AIM OF THE TASK
What you return must be the lines from the first one below through the one containing "1.Multifunctional massage comb, vibration", exactly and with pictures excluded.

─── AVAILABLE DATA ───

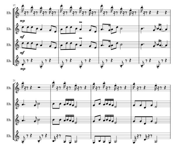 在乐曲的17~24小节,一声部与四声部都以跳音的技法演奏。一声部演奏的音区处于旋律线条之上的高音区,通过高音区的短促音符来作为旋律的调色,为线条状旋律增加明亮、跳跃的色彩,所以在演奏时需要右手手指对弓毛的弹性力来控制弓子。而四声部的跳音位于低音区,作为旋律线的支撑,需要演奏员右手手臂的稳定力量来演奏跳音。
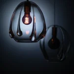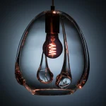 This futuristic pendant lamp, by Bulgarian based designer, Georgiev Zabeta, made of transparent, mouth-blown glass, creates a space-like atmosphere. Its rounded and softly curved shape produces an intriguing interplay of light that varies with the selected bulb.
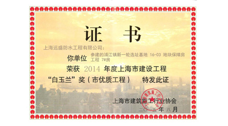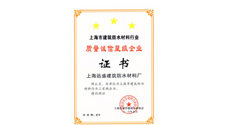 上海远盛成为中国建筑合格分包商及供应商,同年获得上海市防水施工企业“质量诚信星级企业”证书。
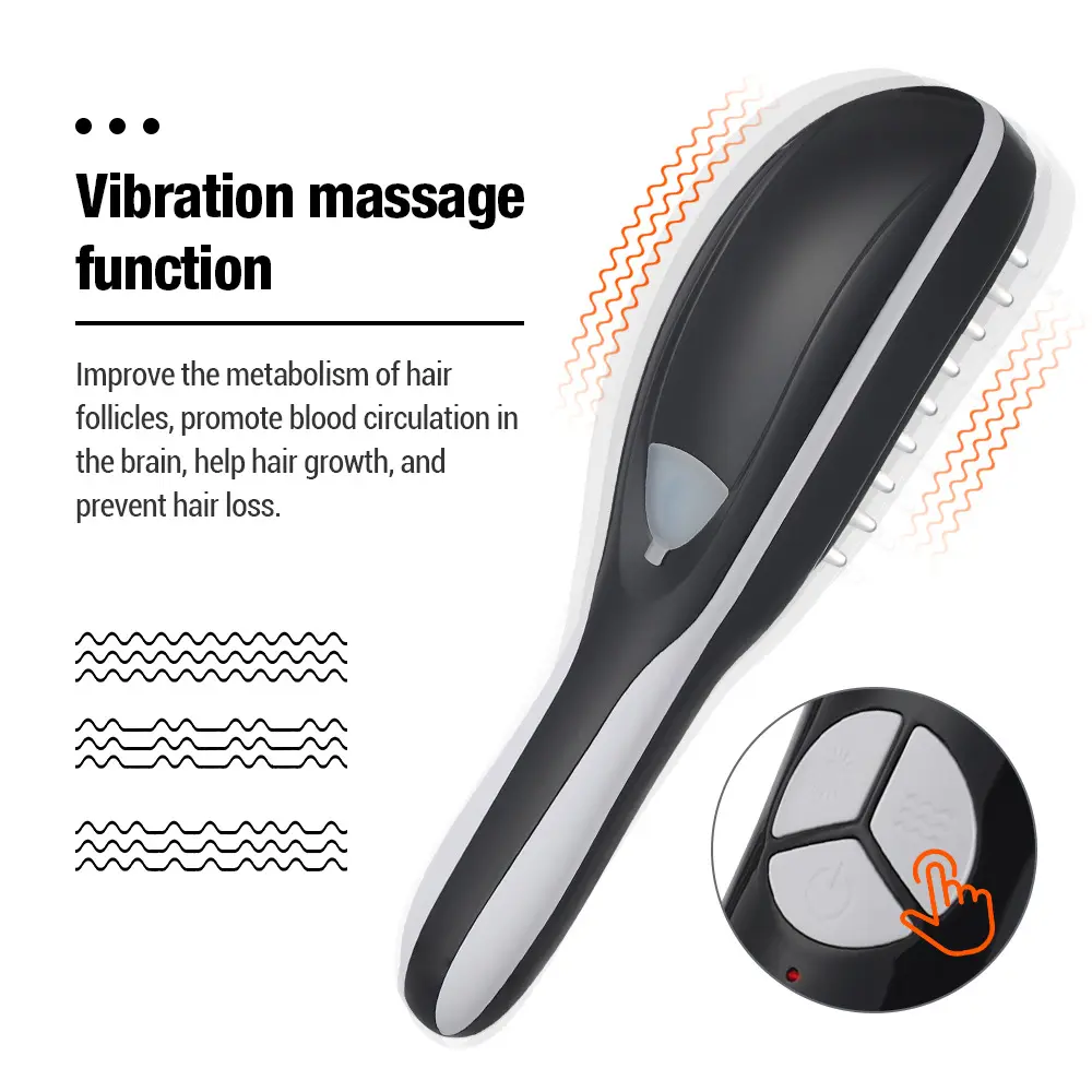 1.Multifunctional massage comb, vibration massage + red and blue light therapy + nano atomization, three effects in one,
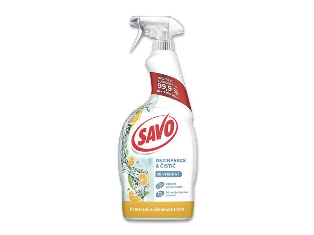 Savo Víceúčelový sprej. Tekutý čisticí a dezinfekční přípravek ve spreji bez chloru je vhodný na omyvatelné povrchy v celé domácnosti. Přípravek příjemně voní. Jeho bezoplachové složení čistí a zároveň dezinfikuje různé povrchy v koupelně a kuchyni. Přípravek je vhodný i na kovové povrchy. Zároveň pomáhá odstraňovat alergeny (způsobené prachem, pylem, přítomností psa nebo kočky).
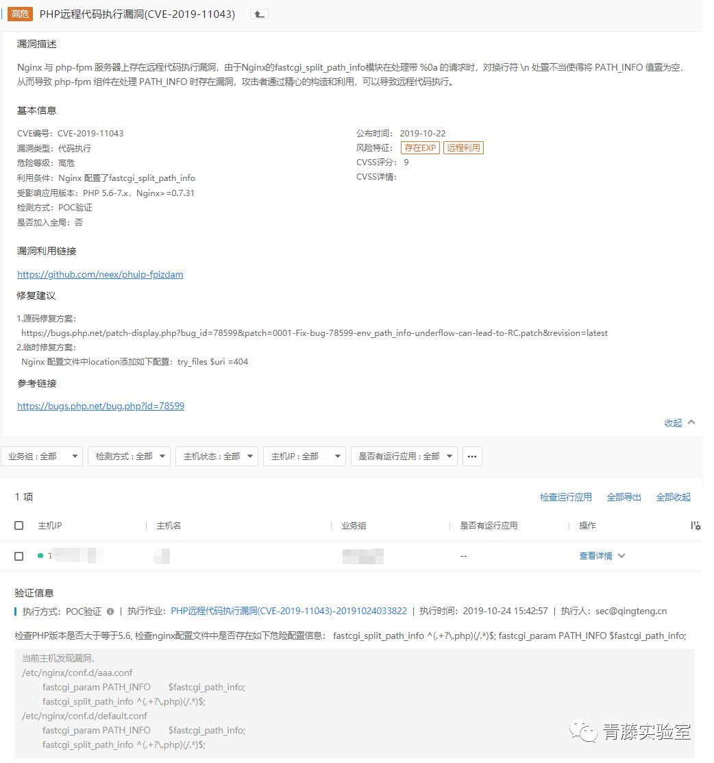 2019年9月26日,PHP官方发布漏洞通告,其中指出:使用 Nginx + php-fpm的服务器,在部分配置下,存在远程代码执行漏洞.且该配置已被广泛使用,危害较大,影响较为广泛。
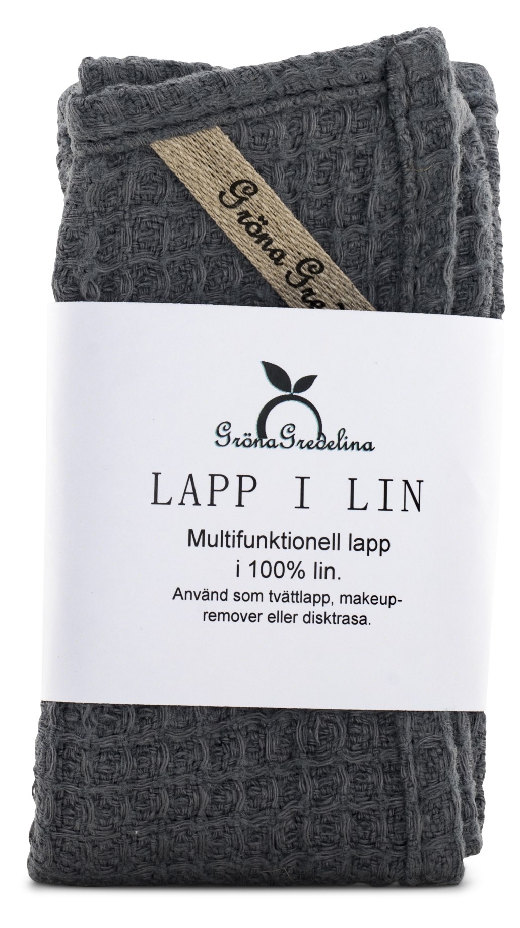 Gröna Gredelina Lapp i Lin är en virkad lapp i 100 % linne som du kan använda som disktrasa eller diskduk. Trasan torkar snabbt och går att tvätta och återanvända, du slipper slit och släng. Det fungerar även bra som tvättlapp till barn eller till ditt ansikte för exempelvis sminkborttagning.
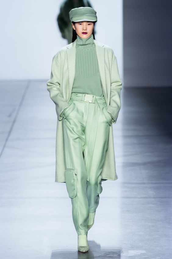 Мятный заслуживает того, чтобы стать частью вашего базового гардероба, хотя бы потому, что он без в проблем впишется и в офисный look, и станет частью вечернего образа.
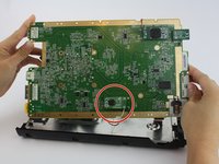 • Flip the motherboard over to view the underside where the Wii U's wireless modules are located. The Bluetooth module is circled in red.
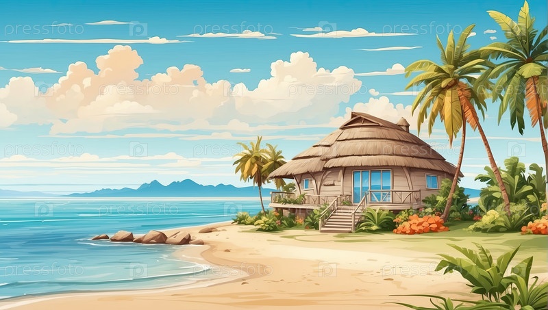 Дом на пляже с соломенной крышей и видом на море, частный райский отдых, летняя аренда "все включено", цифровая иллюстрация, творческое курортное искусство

───

WRITTEN RESPONSE
 在乐曲的17~24小节,一声部与四声部都以跳音的技法演奏。一声部演奏的音区处于旋律线条之上的高音区,通过高音区的短促音符来作为旋律的调色,为线条状旋律增加明亮、跳跃的色彩,所以在演奏时需要右手手指对弓毛的弹性力来控制弓子。而四声部的跳音位于低音区,作为旋律线的支撑,需要演奏员右手手臂的稳定力量来演奏跳音。
 This futuristic pendant lamp, by Bulgarian based designer, Georgiev Zabeta, made of transparent, mouth-blown glass, creates a space-like atmosphere. Its rounded and softly curved shape produces an intriguing interplay of light that varies with the selected bulb.
 上海远盛成为中国建筑合格分包商及供应商,同年获得上海市防水施工企业“质量诚信星级企业”证书。
 1.Multifunctional massage comb, vibration massage + red and blue light therapy + nano atomization, three effects in one,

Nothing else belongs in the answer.